■ The problem ■
Starting with the line that holds "BEN SHERMAN Boys" and stopping after the line that holds "Pour quitter Turmi, nous", repeat the lines below word for word, without the pictures.

■ Provided data ■
────────────────────
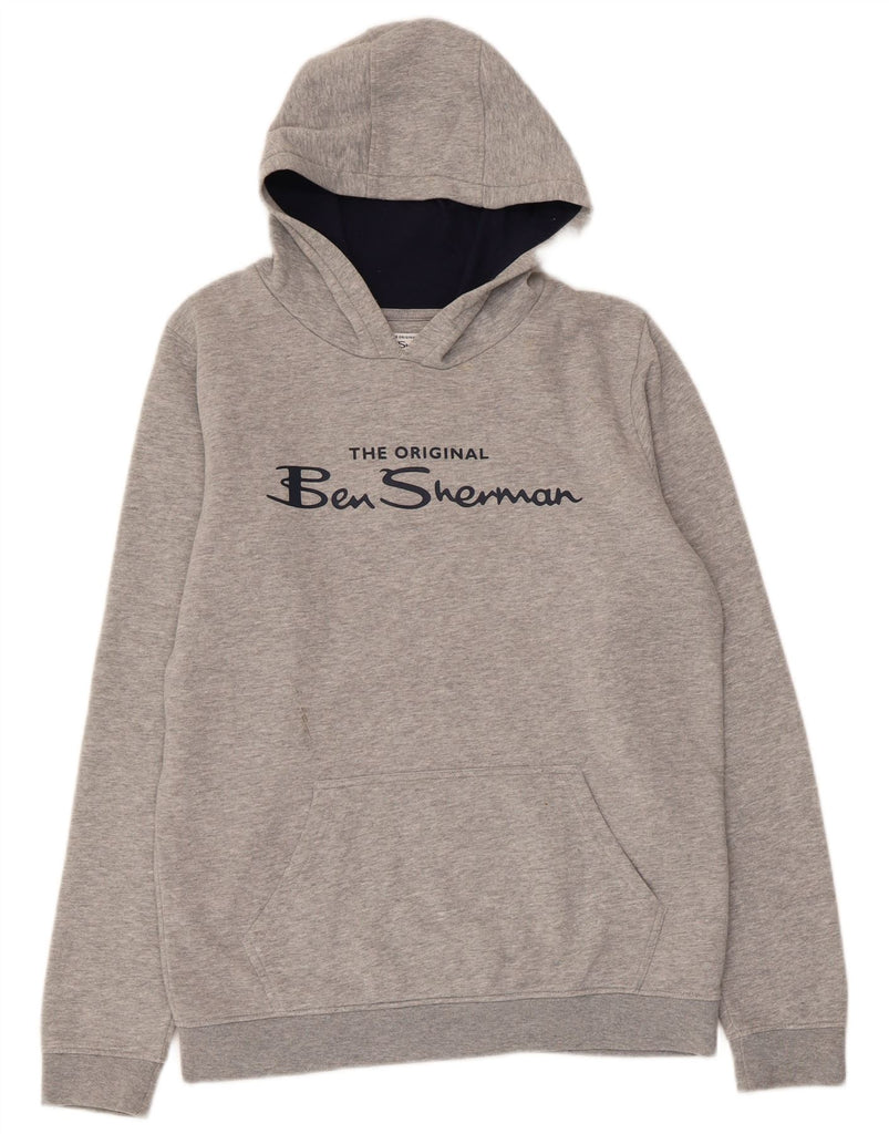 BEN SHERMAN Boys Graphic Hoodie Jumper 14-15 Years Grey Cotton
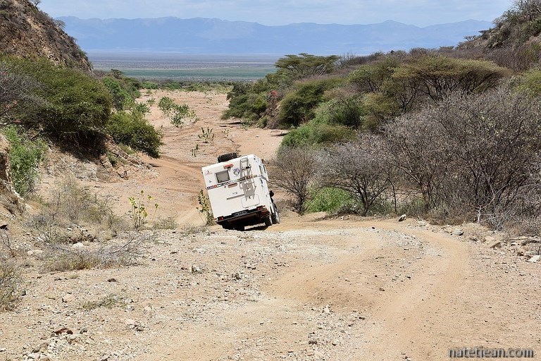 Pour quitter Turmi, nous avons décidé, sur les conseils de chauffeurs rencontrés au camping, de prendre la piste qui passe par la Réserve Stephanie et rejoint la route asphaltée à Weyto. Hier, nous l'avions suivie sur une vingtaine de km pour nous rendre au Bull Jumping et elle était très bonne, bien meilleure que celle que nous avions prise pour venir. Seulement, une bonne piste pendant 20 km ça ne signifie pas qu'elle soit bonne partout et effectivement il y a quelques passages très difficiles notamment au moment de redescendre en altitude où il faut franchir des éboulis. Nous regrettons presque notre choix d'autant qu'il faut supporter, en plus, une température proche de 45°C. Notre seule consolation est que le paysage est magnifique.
────────────────────
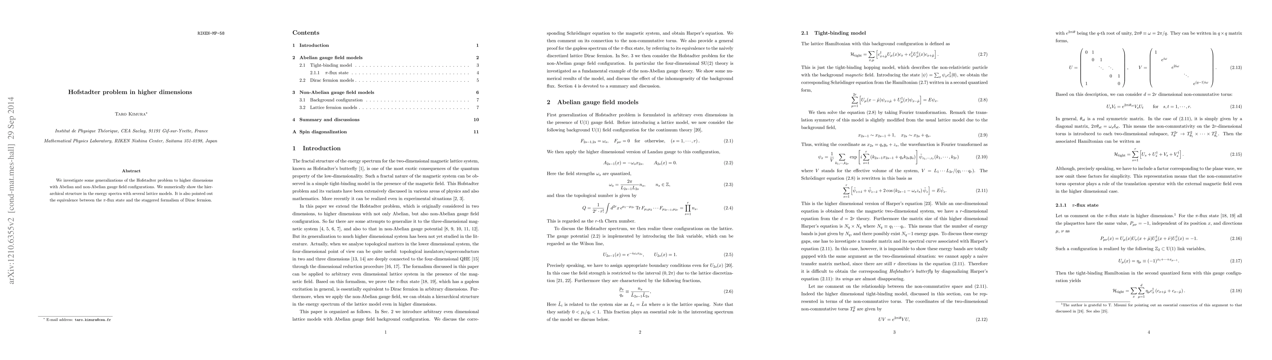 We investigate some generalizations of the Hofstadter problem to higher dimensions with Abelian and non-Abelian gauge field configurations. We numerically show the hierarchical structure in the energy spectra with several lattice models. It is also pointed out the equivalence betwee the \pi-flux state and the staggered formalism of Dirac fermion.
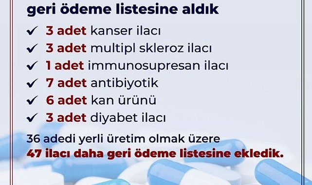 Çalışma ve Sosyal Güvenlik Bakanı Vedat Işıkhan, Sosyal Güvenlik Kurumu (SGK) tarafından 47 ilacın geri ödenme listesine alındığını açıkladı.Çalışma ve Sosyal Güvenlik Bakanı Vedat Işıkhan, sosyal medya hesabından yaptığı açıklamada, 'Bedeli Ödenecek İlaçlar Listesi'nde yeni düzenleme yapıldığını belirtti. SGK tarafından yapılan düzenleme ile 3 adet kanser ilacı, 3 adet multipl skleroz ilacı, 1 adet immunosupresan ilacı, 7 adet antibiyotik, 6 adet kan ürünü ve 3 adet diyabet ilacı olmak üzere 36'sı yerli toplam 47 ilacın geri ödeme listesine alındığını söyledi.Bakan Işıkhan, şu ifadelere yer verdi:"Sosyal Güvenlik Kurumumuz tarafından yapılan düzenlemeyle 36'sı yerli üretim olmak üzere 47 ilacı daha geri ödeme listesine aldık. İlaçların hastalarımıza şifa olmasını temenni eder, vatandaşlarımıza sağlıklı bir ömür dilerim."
────────────────────
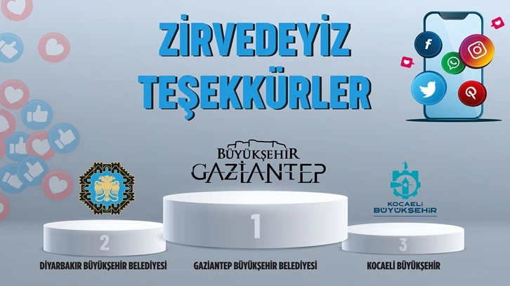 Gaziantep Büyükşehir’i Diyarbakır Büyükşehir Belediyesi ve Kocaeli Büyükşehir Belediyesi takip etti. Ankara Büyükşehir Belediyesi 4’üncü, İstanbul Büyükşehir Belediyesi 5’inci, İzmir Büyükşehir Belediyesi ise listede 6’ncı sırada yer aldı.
────────────────────
■ Solution for this problem ■
 BEN SHERMAN Boys Graphic Hoodie Jumper 14-15 Years Grey Cotton
 Pour quitter Turmi, nous avons décidé, sur les conseils de chauffeurs rencontrés au camping, de prendre la piste qui passe par la Réserve Stephanie et rejoint la route asphaltée à Weyto. Hier, nous l'avions suivie sur une vingtaine de km pour nous rendre au Bull Jumping et elle était très bonne, bien meilleure que celle que nous avions prise pour venir. Seulement, une bonne piste pendant 20 km ça ne signifie pas qu'elle soit bonne partout et effectivement il y a quelques passages très difficiles notamment au moment de redescendre en altitude où il faut franchir des éboulis. Nous regrettons presque notre choix d'autant qu'il faut supporter, en plus, une température proche de 45°C. Notre seule consolation est que le paysage est magnifique.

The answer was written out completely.